This is trivial to see if noise[i] == 0, but for some reason becomes progressively harder for people as noise[i] increases.
Statistics 101. When you have samples you throw away the highest and lowest member, to counteract some random occurrence. The mean net worth of the patrons in any restaurant carlos slim frequents rises substantially when he is there.
Yes, because that is how mean net worth is defined. I don't see specifically what that argues against, except that mean is not the best indicator to use in all situations; perhaps a different indicator is appropriate, such as the income per patron by percentile. 100th percentile will be Carlos Slim, but 99th percentile and lower will be other patrons.
If Carlos Slim actually does frequent the casino, then his attendance is an important part of understanding the situation.
That, and the fact that outliers can often be discounted due to measurement/instrumentation error.

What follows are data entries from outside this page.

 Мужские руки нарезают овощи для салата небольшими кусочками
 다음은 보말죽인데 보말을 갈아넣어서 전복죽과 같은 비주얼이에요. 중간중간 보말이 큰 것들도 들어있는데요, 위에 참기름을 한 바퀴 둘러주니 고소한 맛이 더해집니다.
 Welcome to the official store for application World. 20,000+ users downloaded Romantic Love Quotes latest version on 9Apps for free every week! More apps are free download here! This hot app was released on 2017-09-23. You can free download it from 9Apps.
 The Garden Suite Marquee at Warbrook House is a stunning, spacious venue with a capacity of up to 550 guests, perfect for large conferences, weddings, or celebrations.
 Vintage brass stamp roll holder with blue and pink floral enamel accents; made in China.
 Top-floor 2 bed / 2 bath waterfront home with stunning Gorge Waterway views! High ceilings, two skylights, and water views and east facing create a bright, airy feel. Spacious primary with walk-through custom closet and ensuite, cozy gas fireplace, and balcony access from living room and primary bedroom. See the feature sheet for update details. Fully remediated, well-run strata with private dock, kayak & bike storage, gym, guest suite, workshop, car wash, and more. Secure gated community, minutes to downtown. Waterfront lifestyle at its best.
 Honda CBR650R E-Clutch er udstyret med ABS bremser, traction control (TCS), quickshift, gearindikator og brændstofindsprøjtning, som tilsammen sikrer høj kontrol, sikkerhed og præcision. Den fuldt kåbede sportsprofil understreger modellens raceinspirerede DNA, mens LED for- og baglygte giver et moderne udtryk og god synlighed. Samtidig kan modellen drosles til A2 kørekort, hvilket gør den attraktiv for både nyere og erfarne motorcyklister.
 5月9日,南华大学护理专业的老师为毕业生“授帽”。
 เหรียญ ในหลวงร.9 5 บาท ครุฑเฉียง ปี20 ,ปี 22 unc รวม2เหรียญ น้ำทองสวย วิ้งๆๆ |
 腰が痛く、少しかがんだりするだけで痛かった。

Moreover, the fact that Carlos entered your restaurant may be a significant event depending on the analysis that you're attempting to do. So you need to have to have a good rationale for dropping outliers, and you should probably also watch for bias when dropping outliers that don't support your hypothesis!
Very nicely done Chris, but the basic problem with Paul’s analysis is not the mathematics (this can be fixed as you have shown), but the underlying data. Any data set you could get to measure bias in the start-up world is too small and messy to tell you anything useful. No matter how sophisticated your analysis, if the data is garbage then all you will end up with is garbage.
This does even consider the problem of data dredging which First Round Capital engaged in.
Maybe First Round's data set is too small or messy to get meaningful results, but the entire startup world has plenty of data to potentially pull some meaningful conclusions about bias.
I wonder if all YC companies would be enough data points to learn something useful. Or maybe grab a large swath of VC-funded startups including First Round's investments and many other top firms.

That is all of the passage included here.